A sense of ritual is often missing in the journey of dying in the west. Yet it provides scaffolding, you know what to expect, what to do at a particular time.

Bhola with his family and friends in India

Rituals help the people left behind

For Anil and his mother, it was important to celebrate his father’s rich life and cultural heritage. Bhola grew up in Allahabad, India, moving to Britain to study engineering in 1947.

They held a funeral near Bhola’s Oxfordshire home, and scattered half of his ashes in the Lake District – a place he loved. Then, a few months later, they observed funeral rituals in India, where most of Bhola’s wider family still live.

“The rituals there can go on for a long time. There are aspects of solemnity but there are also moments of joy in celebrating memories,” he says. This opportunity to focus on his father’s life, spending time in the places important to him, was deeply comforting.

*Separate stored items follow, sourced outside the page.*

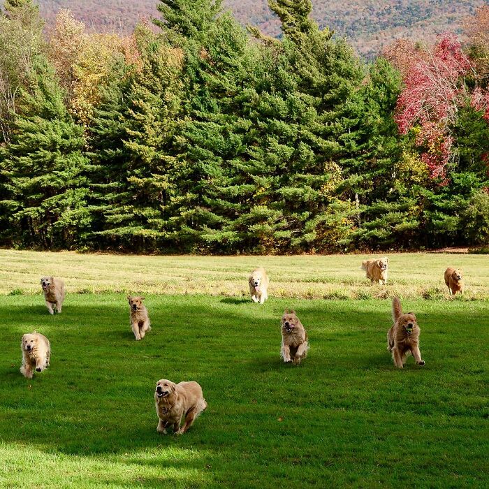 It’s a gang of goldens! I believe they are more commonly known as “goldangs!”
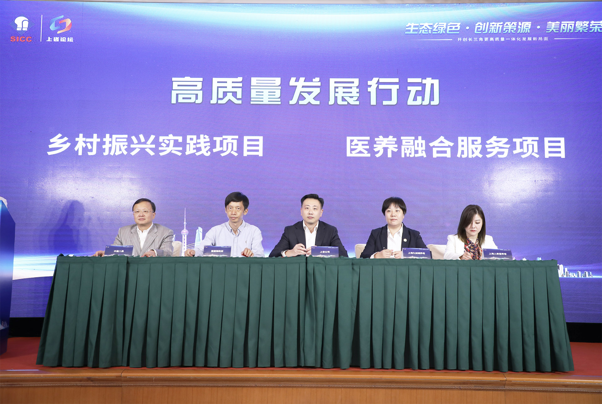 本次上咨論壇增設(shè)“上咨發(fā)布”環(huán)節(jié),由上咨公司牽頭,組織邀請(qǐng)華東師范大學(xué)、上海城投集團(tuán)、金澤鎮(zhèn)政府、市政總院、中建八局、重固鎮(zhèn)政府、九如城、人壽堂等8家政府、企業(yè)及院校代表共同啟動(dòng)長(zhǎng)三角綠色高質(zhì)量發(fā)展行動(dòng),致力于參與生態(tài)理論實(shí)踐、鄉(xiāng)村振興和新型城鎮(zhèn)化實(shí)踐,及醫(yī)養(yǎng)結(jié)合社會(huì)事業(yè)項(xiàng)目實(shí)踐等工作,譜好長(zhǎng)三角一體化這篇大文章,為示范區(qū)建設(shè)賦能助力。
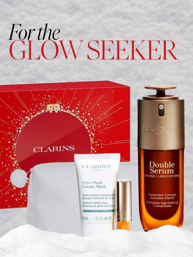 Promising to hydrate, boost glow and protect your skin all at once, the brand’s iconic Double Serum is an easy crowd-pleaser. This set also comes with the Cryo-Flash Mask – one of our favourites for icy freshness – as well as a lip oil for silky comfort.
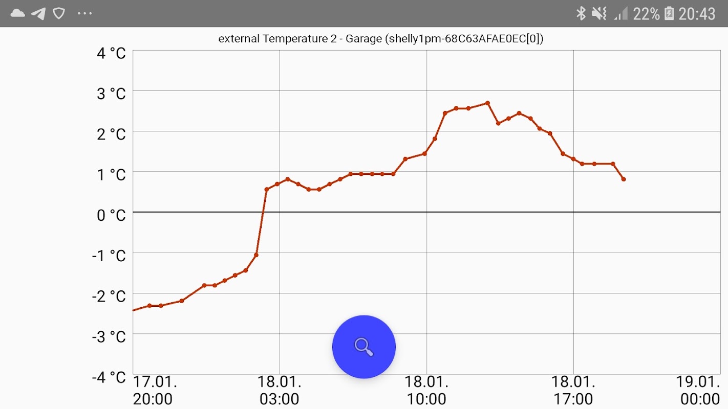 Toutes les sorties du capteur de données Shelly peuvent être enregistrées dans l'application - sans cloud. Les données sont visualisées sous forme de diagrammes.

His father’s “good death” – with expert end of life care in his own home, as he’d wished, and with the rituals known to him and his family – have helped Anil focus on happy memories.

“It’s rarely emphasised but it’s so important for the people left behind as well as the person who’s dying. In my experience, there’s a rebalancing of memories as time goes by, from being dominated by the time he was ill, to covering the whole time he was part of my life.”

He treasures these moments. “The impact of his life is everywhere for me, and it continues to change. No memory is a static snapshot. Every memory evolves over time,” he says. He particularly recalls a trip to India with his parents in 2009. “We walked around where he grew up. He was explaining how different it had been, and I tried to imagine him as a young boy, roaming around the streets.”

The rituals [in India] can go on for a long time. There are aspects of solemnity but there are also moments of joy in celebrating memories.

Anil's parents in the Lake District

A holistic view on end of life

A connection with places they visited together, is something Anil particularly values. “We used to go on holiday to the Lake District. I have lots of memories of tramping around the fells, walking and talking.” Bhola so loved the Lakeland landscape that he eventually bought a retirement cottage there, which remains in the family. “It’s a very special place for me now. There are threads of continuity in my life which mean thoughts about him surface for me frequently when I’m in these places.”

As medicine and science advance, we mustn’t lose a holistic view of the end of life, asking difficult questions about what’s most important to the person dying and to their loved ones, Anil believes. “Modern medicine is so predicated on keeping people alive at all costs. We need to think about that person’s wishes, and attention must shift from keeping people alive at all costs, to allowing them to live the best life with the time they have remaining."

Anil Seth   is Professor of Cognitive and Computational Neuroscience at the University of Sussex, and author of Being You: A New Science of Consciousness.